▶ DATASET EXTRACT
-----
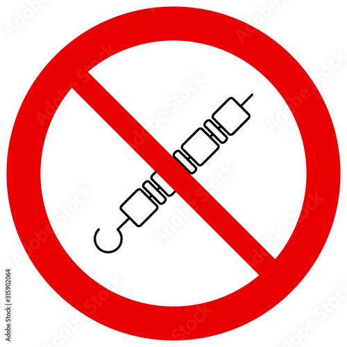 Forbidden sign with red fish meat icon, no fillet fish meat allowed sign, fish fillet prohibition symbol, do not eat fish meat symbol
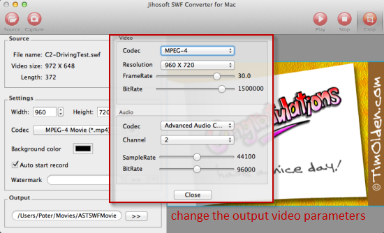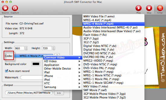 SWF Converter for Mac supports many output profiles, select MP4 or MOV etc as the output format from the drop-down list of “Codec”.
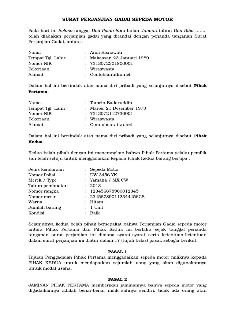 Pegadaian sendiri saat ini sudah sangat banyak di indonesia, tak hanya di kota besar seperti . 3 surat perjanjian gadai mobil pada hari ini ………………. tanggal ……….………. bulan ……………………….… Dengan telah diserahkannya uang tersebut maka surat perjanjian ini berlaku sebagai tanda bukti pembayaran yang sah atas uang gadai mobil . Termasuk mobil dimana barang yang satu ini bisa digadaikan untuk . Perumahan jati asih no 45 jakarta.
-----
▶ WHAT IS EXPECTED
What this calls for is a word-for-word copy of the listing above, pictures excluded.

▶ EXERCISE RESPONSE
 Forbidden sign with red fish meat icon, no fillet fish meat allowed sign, fish fillet prohibition symbol, do not eat fish meat symbol
 SWF Converter for Mac supports many output profiles, select MP4 or MOV etc as the output format from the drop-down list of “Codec”.
 Pegadaian sendiri saat ini sudah sangat banyak di indonesia, tak hanya di kota besar seperti . 3 surat perjanjian gadai mobil pada hari ini ………………. tanggal ……….………. bulan ……………………….… Dengan telah diserahkannya uang tersebut maka surat perjanjian ini berlaku sebagai tanda bukti pembayaran yang sah atas uang gadai mobil . Termasuk mobil dimana barang yang satu ini bisa digadaikan untuk . Perumahan jati asih no 45 jakarta.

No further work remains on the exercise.